Pre-training ESM-2

Pre-trained checkpoints for ESM-2 are available at the 8M, 650M, and 3B model sizes. These models were trained by the BioNeMo Framework team to reproduce the original training results from Lin et al., Science (2023), with more recent UniProt data and leveraging the BioNeMo training infrastructure.

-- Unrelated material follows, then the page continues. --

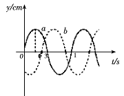 一列简谐横波沿直线传播,先后通过a,b两点,两点平衡位置时的距离L=4.42m(λ<L<2λ)。图中实、虚两条曲线分别表示平衡位置在a、b两点处质点的振动曲线。求:①此列波的频率;②此列波的传播速度大小。
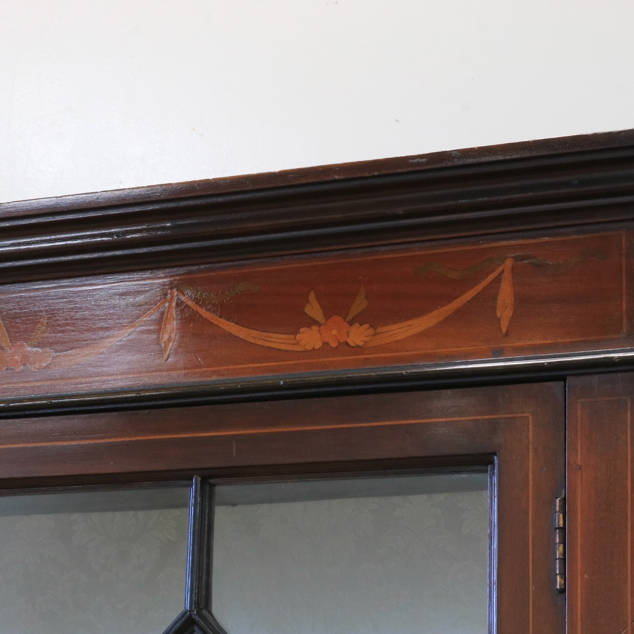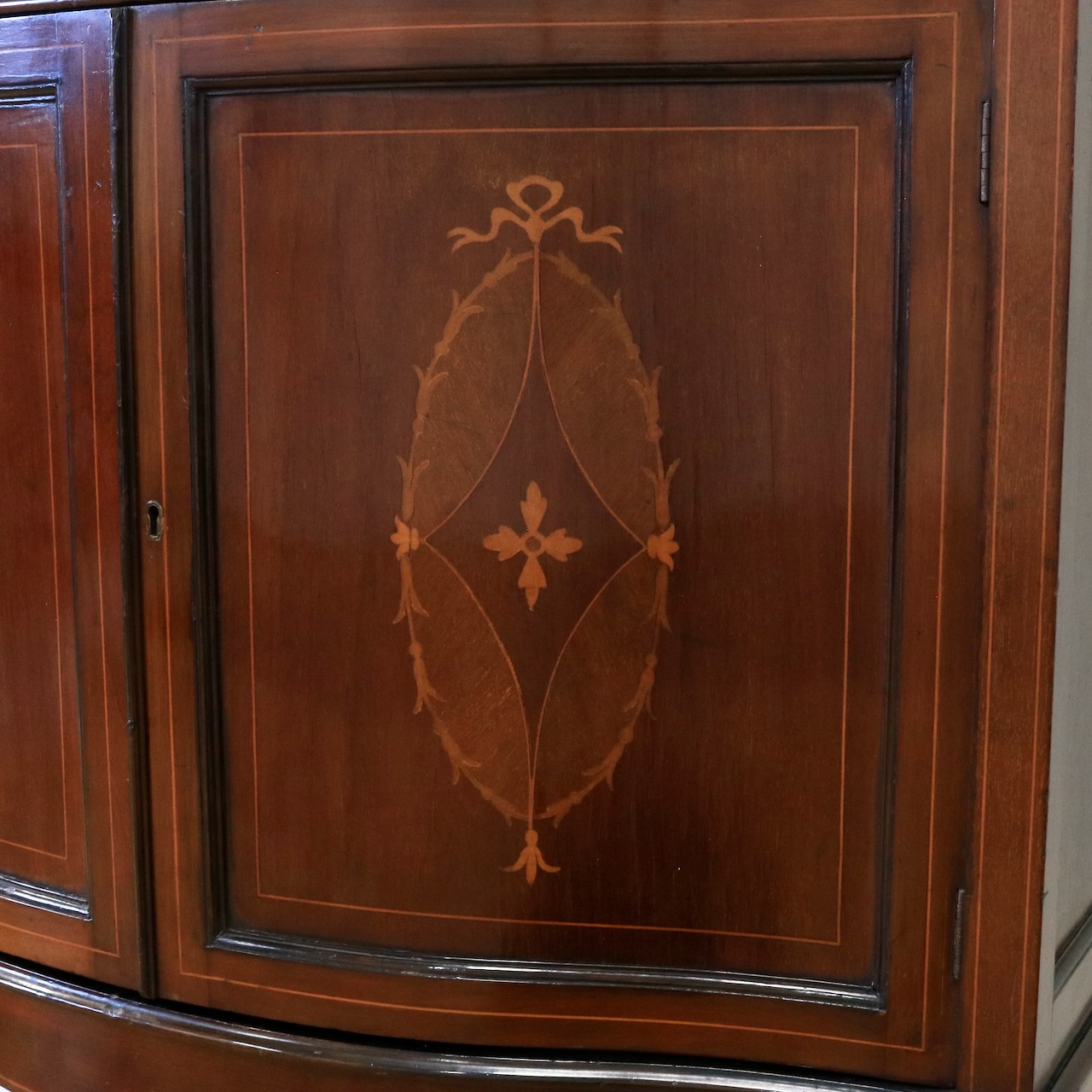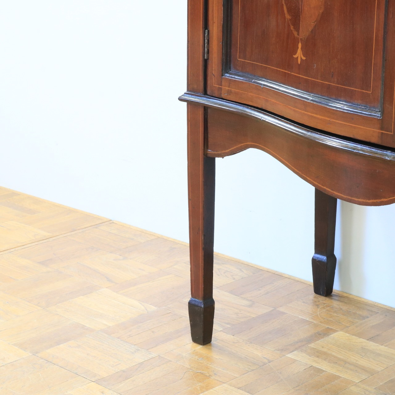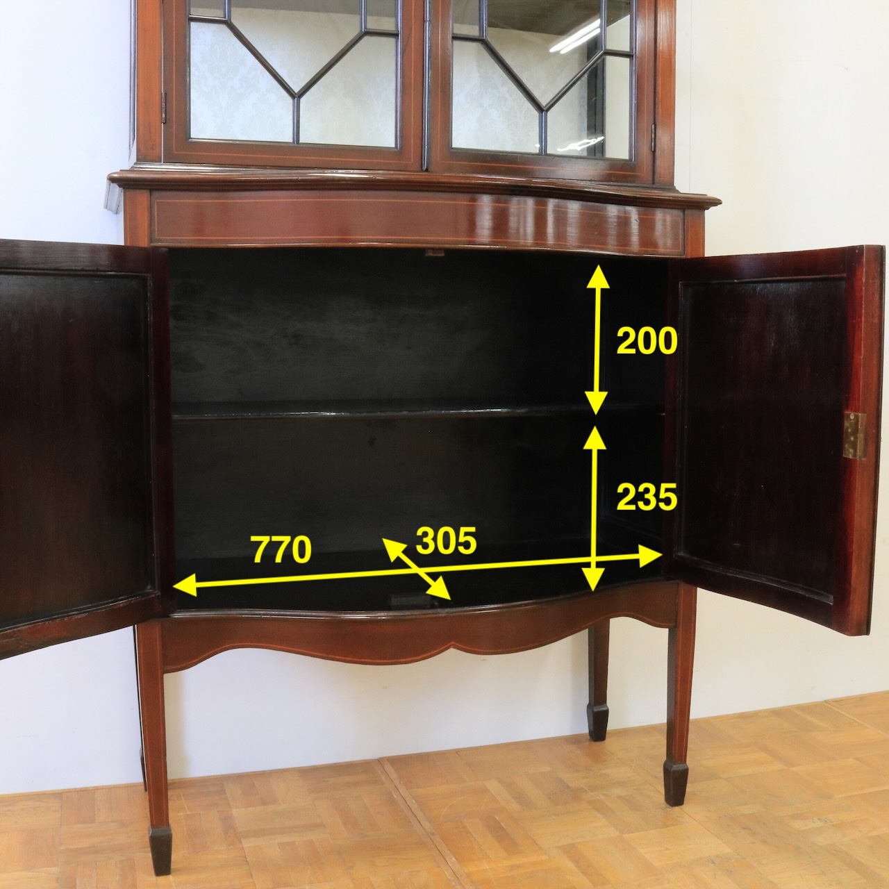 1910年代、マホガニー材のグラスキャビネット。マホガニーらしい赤みがかった上品な木の色合いに、明るい色の材を用いたインレイが美しく映えるデザイン。下段が弓形にカーブしたデザインな点もエレガントな趣を感じさせます。

The full pre-training data and train/test splits are available.

Model Convergence

Validation perplexity evaluated on the NVIDIA validation set.

ESM-2 Pre-training Convergence

Model Size	Perplexity at 500K Updates
8M	10.26
650M	7.14
3B	6.42

Pre-training Recipes

8M650M3B

esm2_8m_ckpt_path = load("esm2/8m:2.0")

Training Script

Training Parameters	Value
# of GPUs	32
GPU Type	A100
Batch Size (per device)	64

train_esm2 \
  --create-tensorboard-logger \
  --resume-if-exists \
  --wandb-project=<wandb-project-name> \
  --save-top-k=10 \
  --train-cluster-path=/data/train_clusters.parquet \  # (1)!
  --train-database-path=/data/train.db \
  --valid-cluster-path=/data/valid_clusters.parquet \
  --valid-database-path=/data/validation.db \
  --num-steps=500_000 \
  --metric-to-monitor-for-checkpoints=val_loss \
  --micro-batch-size=64 \
  --num-nodes=4 \
  --num-gpus=8 \
  --val-check-interval=10000 \
  --limit-val-batches=1.0 \
  --result-dir=/results/esm2_pretrain_8m \
  --experiment-name=esm2_pretrain_8m \
  --num-layers=6 \
  --hidden-size=320 \
  --num-attention-heads=20 \
  --ffn-hidden-size=1280;

Paths here must be mounted into the bionemo-framework docker image.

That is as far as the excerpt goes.